– Собирайся. Явлю начальству нашему… Ты к сроку приехал, парень: ныне корабли строят поспешно.
На саночках в одну лошадку добрались до Адмиралтейства, которым управлял генерал-майор флота Голенищев-Кутузов-Средний.
– А почему он средний-то? – спросил Прошка.
– Чтобы не путать: три брата, все Иваны, все в одном чине, и все на флоте служат… Подтяни сопли, не шмыгай носом!
Удивительно, что большой начальник принял мальчишку сразу, выведал знание терминологии, потом (как бы для дела) спросил: какое дерево кладется в кницах между бортом и палубами?
– Свиль, – сказал Прошка, дивясь простоте вопроса.
– Свиль так свиль, – согласился генерал-майор. – Годок потрудись топором у нас, потом я тебя, может быть, и на верфи Глазго отправлю ради опыта нужного. Из каких людей происходишь ты?
– Сын крестьянский, из людей поморских.
– Нелегко тебе будет, сын крестьянский, наверх карабкаться. Круты наши трапы корабельные, ох круты как… Что ж, напрасно обижать не станем. Будешь хорош – и мы к тебе хороши будем…
Прошка был записан в первый чин «обученного тиммермана» (так звались плотники флотские, могущие чертежи читать, с рейсфедером работать, набор корабельный знающие). Вечерами в работницких мазанках полыхали печурки, в котлах бурлила каша со шкварками, от онучей и валенок отсыревших тяжко парило. Приладив сбоку от себя лучину, Прошка отписывал на родину: «Дражайший дядечка и мастер! Скучаю без лица вашего, охота речей умных послушать. А живу я безо всякой прибыли, но зато успешно, возле кораблей воинских. Питер – городок немалый и похож на Соломбалу, – товары тут дорогие, без пятачка и не думай напитаться. Вспоминаю почасту шаньги с морошкою и кота вашего помню. Когда в чины высокие выйду, я тоже котом обзаведусь, и станем мы с ним по вечерам пить чай с сахарком кенарским…»
Прошка был послушным, но бить себя не давал:
– Я ведь из поморов – сам драться умею!
* * *
Однажды после работы майор Катасонов дал ему книжку французского аббата Госта об искусстве морских эволюций:
– Тебе ее читать ни к чему! Сбегай на тринадцатую линию, сыщешь дом покойного келлермейстера Ушакова, отдай книгу с поклоном благодарственным камер-фурьеру Рубановскому…

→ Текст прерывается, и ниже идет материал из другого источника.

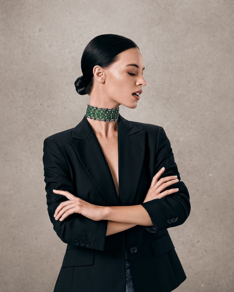 We took about six months to handpick 300 carats of Zambian emeralds. Each and every gemstone almost matches in colour and quality. The four-row Maharani necklace is fluid and feminine and is juxtaposed with emeralds and 18-karat gold hexagon motifs, studded with brilliant-cut diamonds.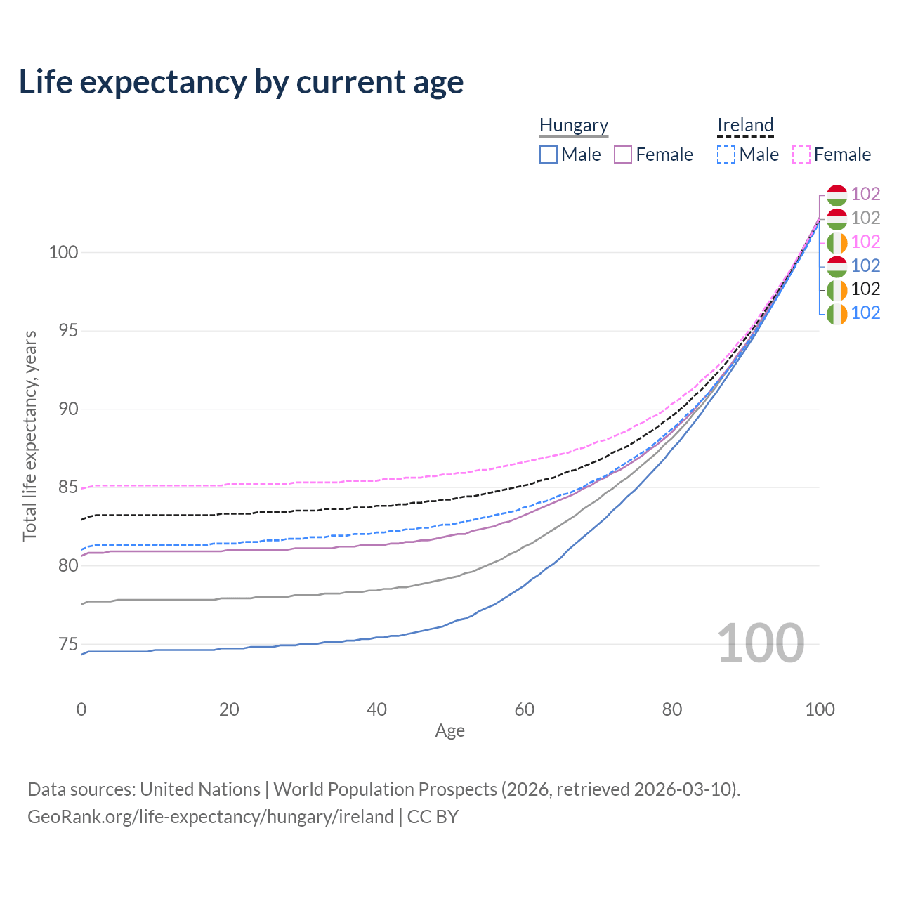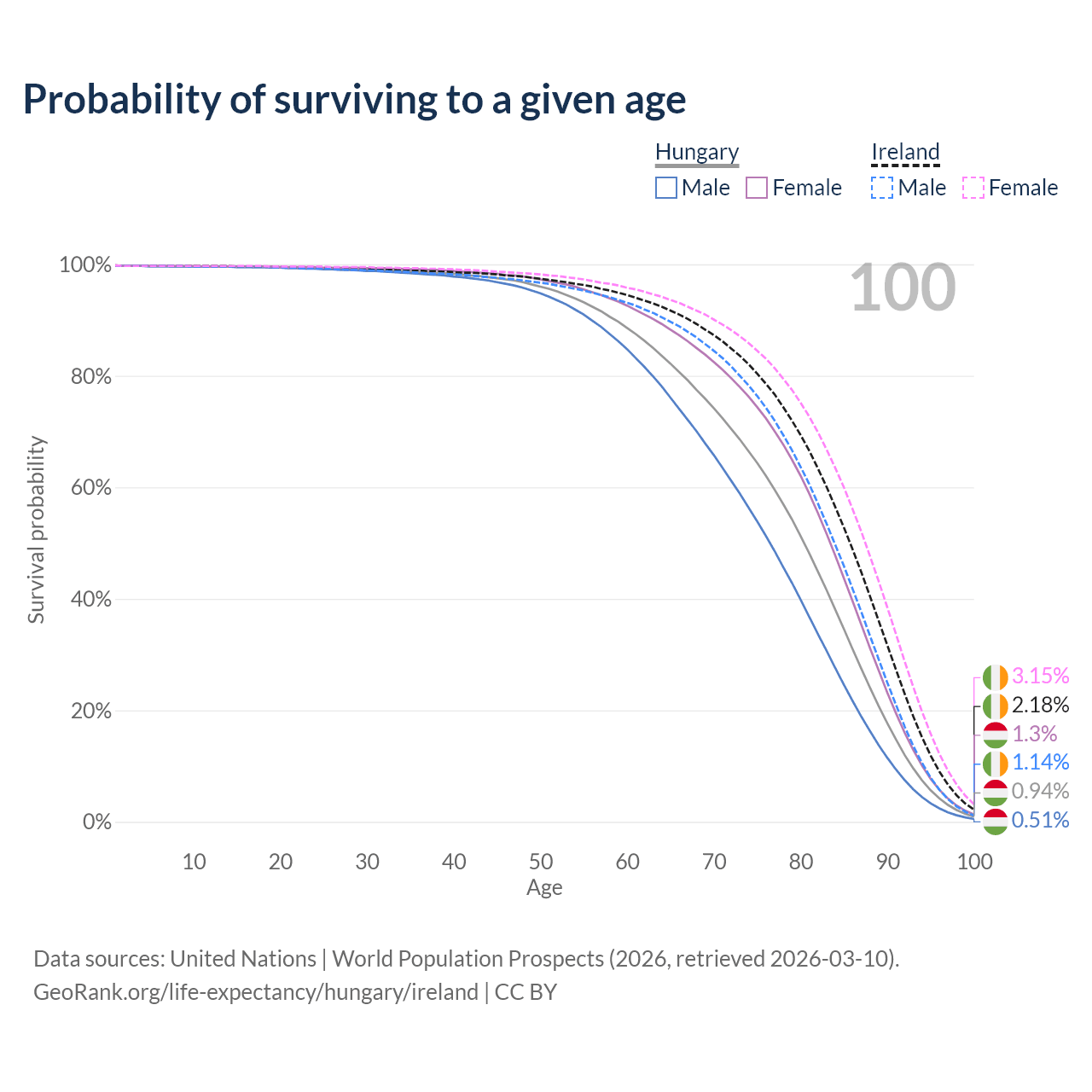 This life expectancy calculator shows the odds of living to 100, 95, 90, and below based on current age for both males and females in Hungary and Ireland, along with mean and median age of death. The calculations are based on the 2026 life tables (actuarial tables) from the UN World Population Prospects.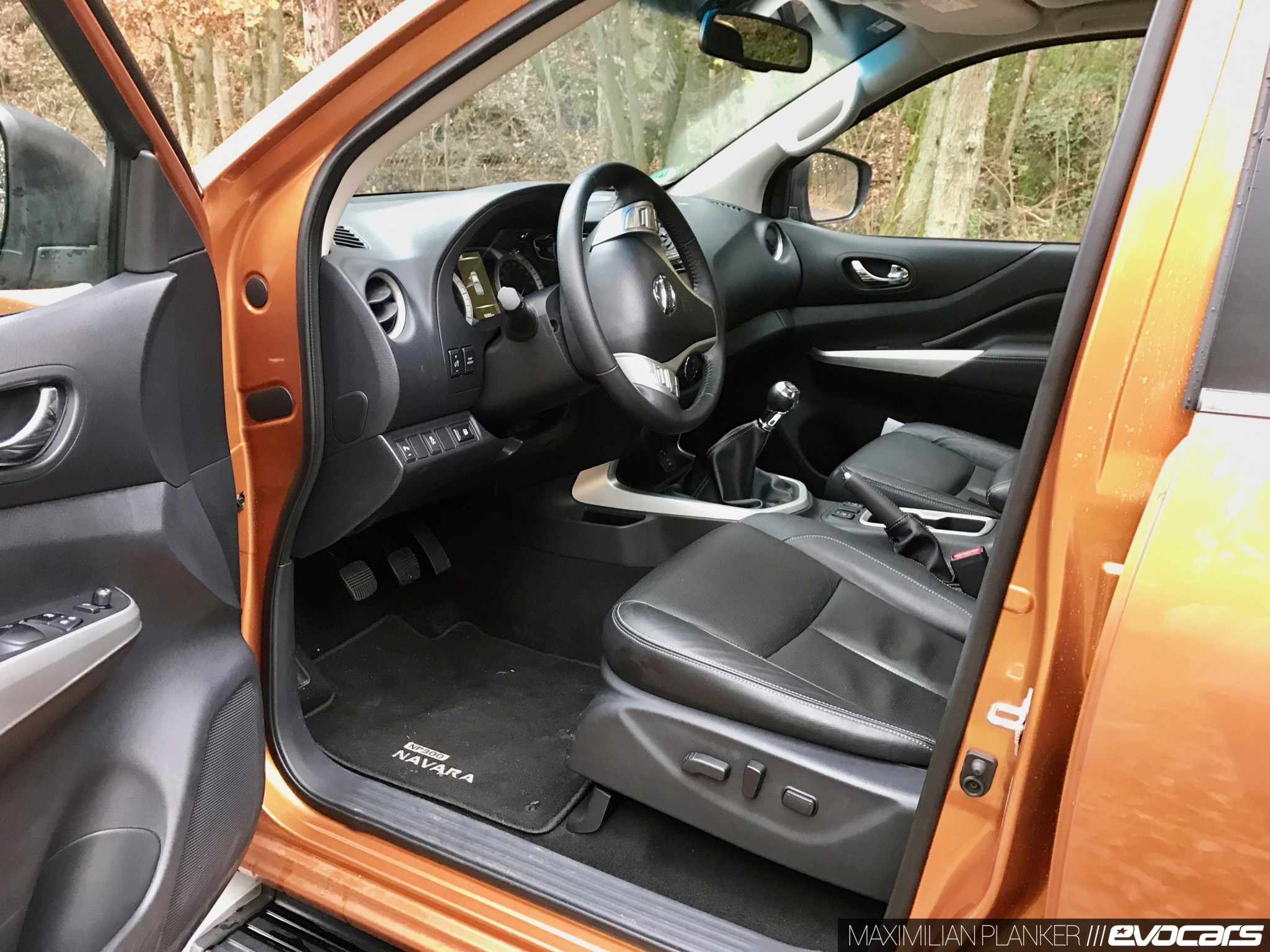 Auch im Inneren gibt der NP300 keine Rätsel auf. Gut, die Verarbeitungsqualität und die Materialauswahl hat sich nach unserem Befinden schon verbessert, zumal wir die höchste Ausstattungslinie TEKNA fuhren – sprich: inklusive Lederausstattung, Glasdach, Klimaautomatik und großem Navi. Aber dennoch merkt man, dass man in einem Arbeitstier sitzt. Der Innenspiegel klebt noch ganz alleine und ohne kiloweise Kameras und Sensoren an der Scheibe, herkömmliche Instrumente zeigen Drehzahl und Geschwindigkeit und ein stinknormaler Schalthebel ragt aus der Mittelkonsole. Hier ist alles auf Langlebigkeit ausgelegt.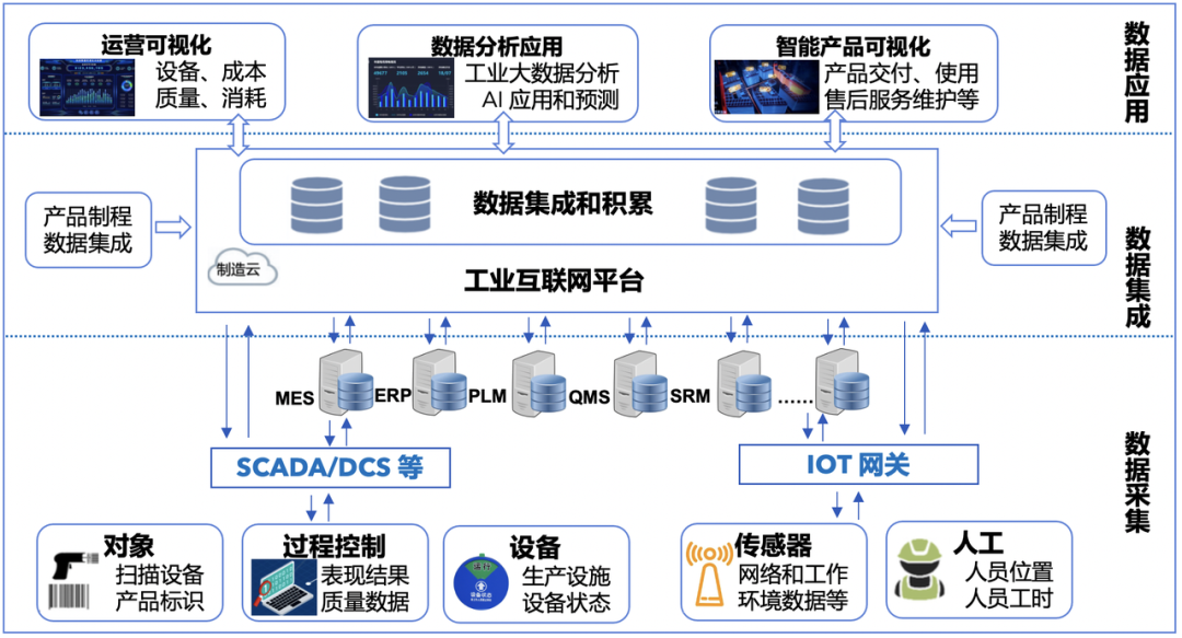 第二,在数据集成层面,智能制造企业通常内部会有众多的管理控制类系统,系统间的关联性较差,容易形成数据孤岛,缺少统一的数据中台底座;

Келлермейстер Ушаков, ведавший при Елизавете винными погребами, давно умер, а вдова его вышла за Рубановского, и, по всему видать, у них винные запасы имелись, потому что на столе открыто стояли мушкатели, тенерифы и венгерское. Возле бутылок пристроился капрал Морского кадетского корпуса.

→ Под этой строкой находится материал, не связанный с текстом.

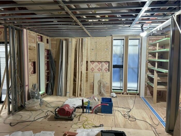 縦長の窓が付いた階段付近の様子が。どんなふうに仕上がるのか、見ている側もワクワクしてきますね。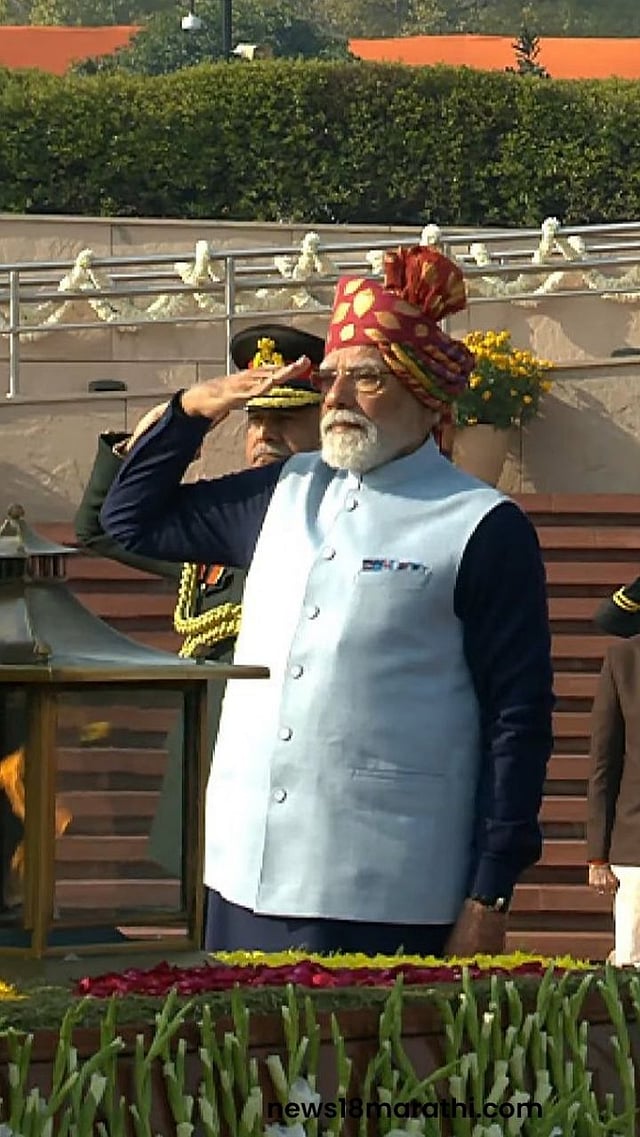 प्रजासत्ताक दिवस 2026 रोजी पंतप्रधान मोदी साधेपणाचा सुंदर संगम या पोशाखात दिसले.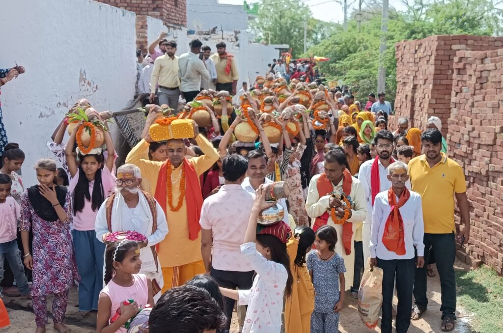 कथा के प्रारंभ से पूर्व गांव की सैकड़ों महिलाओं और बालिकाओं ने पारंपरिक परिधानों में कलश यात्रा निकाली। वैदिक मंत्रोच्चारण, ढोल-नगाड़ों और भजनों की धुनों के बीच जब कलश यात्रा गांव की गलियों से गुजरते हुए कथा स्थल पर पहुंची, तो पूरा वातावरण भक्तिरस से सराबोर हो उठा। श्रद्धालुओं की आंखों में आस्था और मन में श्रीकृष्ण भक्ति की गहराई स्पष्ट झलक रही थी।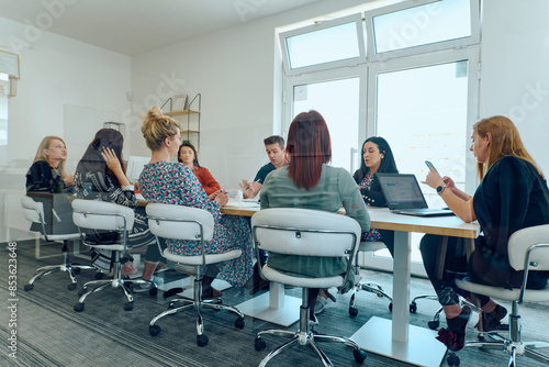 Diverse Business Team Discussing Projects in a Modern Glass Office.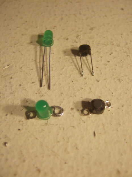 Para empezar, enrollamiento de los cables de ambos elementos. Es importante mantener la distinción entre el ánodo y el cátodo (+ y-, largo y corto) en el LED, así que asegúrese de aplicar estilos diferentes que se encrespa a cada pata del LED. He utilizado square-ish por el lado positivo y más circle-ish para la negativa. Pero es difícil decir la diferencia a veces, por lo que podría cambiar a usar círculos y triángulos en el futuro. Lo que tu Convenio, asegúrese de que adhieren a ella!

– Садись, – сказал он. – Выпей.
Был он парень крепкий, скуластый, кулаки здоровые. Такой даст – не сразу встанешь. Назвался же Федором Ушаковым, потом явился еще гардемарин – этот был Санькою Ушаковым.

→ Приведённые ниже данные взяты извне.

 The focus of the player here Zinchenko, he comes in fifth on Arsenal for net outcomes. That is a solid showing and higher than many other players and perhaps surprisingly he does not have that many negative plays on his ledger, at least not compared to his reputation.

– Сколько ж тут вас Ушаковых? – дивился Прошка.
– Сейчас третий придет – тоже Федька…
Спросили они Прошку – откуда он взялся?
– А я сирота… плотник… из Архангельска.
– Много жалоб на вас, на сироток эдаких.
– Это кому ж мы так насолили?
– Флоту российскому, ядрен ваш лапоть, – отвечал капрал Ушаков. – Корабли гоните, скороделы, из лесу непросохшего.
Прошка разъяснил, что Соломбала хотя и очень приятна, но все-таки еще не Гавана: погода сыренькая, солнышка маловато, одно бревно сохнет, рядом с ним десять других червяки жрут.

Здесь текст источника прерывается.